(UPDATE: Adds comments from consumer advocate in last two paragraphs.) Wells Fargo has agreed to pay $175 million, and then some, to settle a lawsuit alleging the bank discriminated against black and Latino borrowers between 2004 and 2007. It is the second-largest fair lending settlement in the Department of Justice’s 142-year history, behind the settlement the DOJ made with Bank of America® last December, which stemmed from similar charges.
Wells Fargo has agreed to the settlement, which must be approved by the U.S. District Court for the District of Columbia, in order to avoid litigation, according to The New York Times. Wells Fargo will admit “no wrongdoing as part of the complaint and…settlement.”
The DOJ’s suit alleges that Wells Fargo steered black and Latino homebuyers into subprime mortgages, thereby forcing them to pay higher interest rates and fees than similarly risky white borrowers. As part of the settlement, Wells Fargo will set aside $125 million for wholesale borrowers and $50 million in down payment assistance for “borrowers in communities…where the department identified large numbers of discrimination victims and which were hard hit by the housing crisis,” according to a DOJ press release.
The New York Times identifies these communities as: “Baltimore, Chicago, Cleveland, Los Angeles, New York, the Oakland/San Francisco Bay Area, Philadelphia and Washington.”

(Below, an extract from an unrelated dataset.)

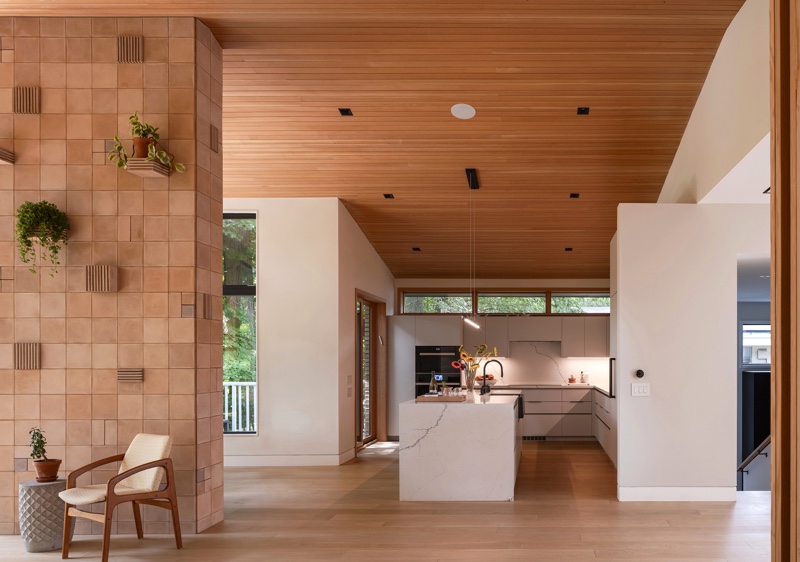 “The interiors are grand yet relaxed,” Bessai says. “Rich wood tones link the home to the surrounding forest. Sloped ceilings of Douglas fir, white oak floors, and simple spatial forms allow natural light to fill the spaces.”

Wells Fargo allowed brokers to steer qualified borrowers into subprime loans even if they qualified for prime loans. According to the lawsuit, Wells Fargo and others frequently steered non-white qualified customers into subprime loans. The results have been devastating for black communities across the nation, as detailed in this recent Washington Post story.
Wells Fargo will also provide compensation to black and Latino retail borrowers it discriminated against in similar fashion, as determined by an internal review the bank has agreed to conduct.
Consumer advocates were generally pleased by the settlement, but expressed concerns about other banks.
“We applaud the DOJ for leading the way against this type of illegal discrimination,” said Kathleen Day, spokeswoman for the Center for Responsible Lending. “But we are less laudatory of the OCC ( Office of the Comptroller of the Currency) and other regulators who only perked up in 2009, as troubling patterns had been prevalent years earlier. Where were they back in 2002? Furthermore, this is not unique to Wells Fargo, as many other banks were involved with suspicious lending.”